====== Study material ======

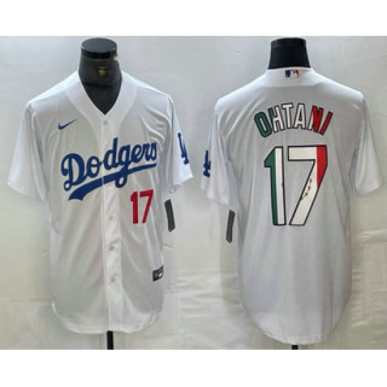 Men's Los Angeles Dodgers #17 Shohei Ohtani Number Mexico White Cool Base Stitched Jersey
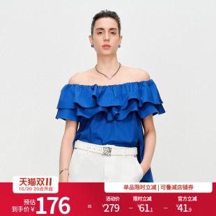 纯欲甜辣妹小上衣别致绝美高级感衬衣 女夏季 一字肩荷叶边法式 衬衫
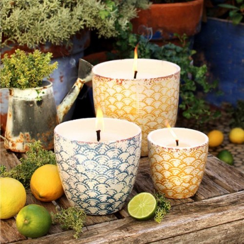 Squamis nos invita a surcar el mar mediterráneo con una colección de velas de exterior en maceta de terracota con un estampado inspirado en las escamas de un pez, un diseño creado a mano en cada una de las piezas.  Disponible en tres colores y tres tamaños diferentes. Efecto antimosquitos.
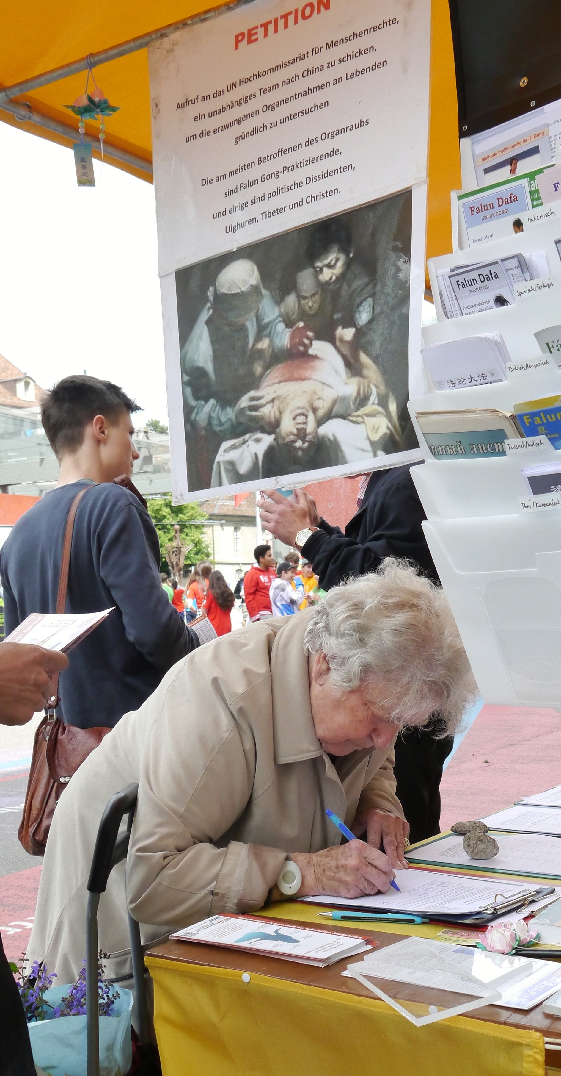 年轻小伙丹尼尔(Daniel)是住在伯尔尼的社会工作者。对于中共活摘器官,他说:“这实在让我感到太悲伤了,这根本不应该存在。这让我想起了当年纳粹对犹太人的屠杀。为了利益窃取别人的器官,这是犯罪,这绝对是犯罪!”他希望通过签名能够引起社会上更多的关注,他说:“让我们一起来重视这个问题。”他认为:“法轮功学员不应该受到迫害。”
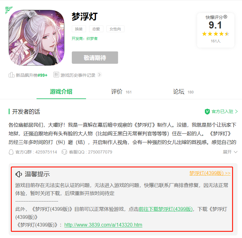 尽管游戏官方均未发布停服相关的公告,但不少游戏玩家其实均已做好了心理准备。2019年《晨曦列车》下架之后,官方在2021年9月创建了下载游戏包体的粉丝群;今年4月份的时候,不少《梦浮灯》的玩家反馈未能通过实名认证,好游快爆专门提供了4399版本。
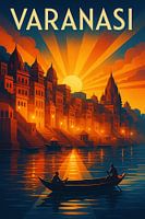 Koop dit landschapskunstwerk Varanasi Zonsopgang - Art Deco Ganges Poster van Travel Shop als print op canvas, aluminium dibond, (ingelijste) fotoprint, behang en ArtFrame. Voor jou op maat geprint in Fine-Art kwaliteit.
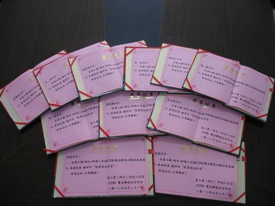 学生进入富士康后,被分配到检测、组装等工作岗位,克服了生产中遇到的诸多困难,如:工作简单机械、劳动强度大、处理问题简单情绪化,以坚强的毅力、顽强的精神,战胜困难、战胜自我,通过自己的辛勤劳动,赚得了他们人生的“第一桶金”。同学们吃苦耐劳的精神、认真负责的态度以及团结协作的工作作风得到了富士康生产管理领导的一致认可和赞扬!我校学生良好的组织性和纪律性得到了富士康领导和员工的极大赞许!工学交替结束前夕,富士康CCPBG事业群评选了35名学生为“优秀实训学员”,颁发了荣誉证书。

======

● **Task objective**: Only the text of the entries above is to be given again, exactly, with the pictures left out.

● **Problem solution**:
 Men's Los Angeles Dodgers #17 Shohei Ohtani Number Mexico White Cool Base Stitched Jersey
 纯欲甜辣妹小上衣别致绝美高级感衬衣 女夏季 一字肩荷叶边法式 衬衫
 Squamis nos invita a surcar el mar mediterráneo con una colección de velas de exterior en maceta de terracota con un estampado inspirado en las escamas de un pez, un diseño creado a mano en cada una de las piezas.  Disponible en tres colores y tres tamaños diferentes. Efecto antimosquitos.
 年轻小伙丹尼尔(Daniel)是住在伯尔尼的社会工作者。对于中共活摘器官,他说:“这实在让我感到太悲伤了,这根本不应该存在。这让我想起了当年纳粹对犹太人的屠杀。为了利益窃取别人的器官,这是犯罪,这绝对是犯罪!”他希望通过签名能够引起社会上更多的关注,他说:“让我们一起来重视这个问题。”他认为:“法轮功学员不应该受到迫害。”
 尽管游戏官方均未发布停服相关的公告,但不少游戏玩家其实均已做好了心理准备。2019年《晨曦列车》下架之后,官方在2021年9月创建了下载游戏包体的粉丝群;今年4月份的时候,不少《梦浮灯》的玩家反馈未能通过实名认证,好游快爆专门提供了4399版本。
 Koop dit landschapskunstwerk Varanasi Zonsopgang - Art Deco Ganges Poster van Travel Shop als print op canvas, aluminium dibond, (ingelijste) fotoprint, behang en ArtFrame. Voor jou op maat geprint in Fine-Art kwaliteit.
 学生进入富士康后,被分配到检测、组装等工作岗位,克服了生产中遇到的诸多困难,如:工作简单机械、劳动强度大、处理问题简单情绪化,以坚强的毅力、顽强的精神,战胜困难、战胜自我,通过自己的辛勤劳动,赚得了他们人生的“第一桶金”。同学们吃苦耐劳的精神、认真负责的态度以及团结协作的工作作风得到了富士康生产管理领导的一致认可和赞扬!我校学生良好的组织性和纪律性得到了富士康领导和员工的极大赞许!工学交替结束前夕,富士康CCPBG事业群评选了35名学生为“优秀实训学员”,颁发了荣誉证书。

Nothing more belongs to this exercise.